02 November 2010

BROKEN photography exhibition in Brussels:

A NGO Shipbreaking Platform exhibition featuring photographs by Saiful Huq, winner of the Bervelt Foundation Prize 2010

From 04 - 29 November 2010, Halles Saint-Géry, Place St. Géry 23, 1000 Brussels. Open everyday from 10am to 6pm, on Fri and Sat also from 8pm to 1 am.


BROKEN is a reflection of the devastating environmental and working conditions on the beaches of Bangladesh caused by shipbreaking. It is a mirror held to a place where one world's toxic trash has the last of its riches reclaimed by the sweat and blood of another's most desperate and dispossessed. It depicts an inversion of the right to life and a perversion of the right to work. It is a world held upside down, seen through the lens of Saiful Huq, an acclaimed Bangladeshi photographer.

The organiser of the exhibition is the NGO Shipbreaking Platform, a global coalition of environmental, human and labour rights organisations working together to reverse the environmental and human rights abuses of current shipbreaking practices and to ensure the safe and environmentally sound dismantling of end-of-life vessels world-wide.

Shipbreaking is currently one of the world's most dangerous and dirty industries. Today, 80 percent of   end-of-life ships, in great part European-owned vessels, are broken down by hand on the beaches of the poorest countries of South Asia, often by children. Workers die or suffer great injuries while coastal ecosystems and communities are devastated by pollution.
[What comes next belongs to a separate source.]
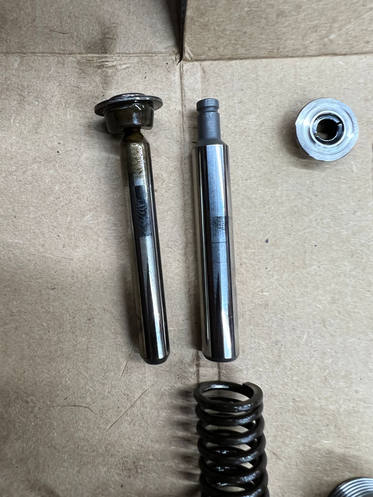 With rigorous testing behind this product, we have determined that a consistent diameter piston is absolutely necessary. Many other upgrade kits available use a piston that steps down to a smaller diameter. They do this because it allows them to use the original seal and nut assembly. However, doing this means that less than 1/2 of the cylinder is guiding the pin at the top of the stroke. This greatly increases wear, leakage past the pin, and decreases the stability of the pin riding in the cylinder. Additionally, using a stepped cylinder causes a pumping action on the bottom side of the piston, which pulses fluid against the shaft seal, increasing the possibility for leakage into the cam follower region. With our consistent diameter piston, as with factory design, there is no displacement change occurring on the bottom side of the piston, so there are no pressure pulses against the shaft seal.

Even though ships can be dismantled in safe and environmentally sound ways, the majority of ship owners, including many European shipping companies, still choose to dump their end-of-life toxic vessels on the beaches of South Asia, where ships are broken by workers that have no protective equipment at all and are regularly exposed to toxic materials, such as asbestos, PCBs and heavy metals. In addition, there is no environmental containment on a beach, and toxic substances are directly released into the environment destroying sensitive coastal zones.  Taking advantage of the lack of enforcement of environmental and labour laws, shipowners maximise their profits when their obsolete and toxic vessels are sold to countries like Bangladesh, India and Pakistan.

As Belgium is currently holding the presidency of the Council of the European Union, the NGO Shipbreaking Platform takes this opportunity to raise awareness on the shipbreaking issue in Brussels, the capital and the heart of Europe. The Platform calls on the European Union to stop European-owned and European-flagged end-of-life ships to be broken on the beaches of Bangladesh, India and Pakistan.

The NGO Shipbreaking Platform kindly acknowledges the financial support of the European Commission.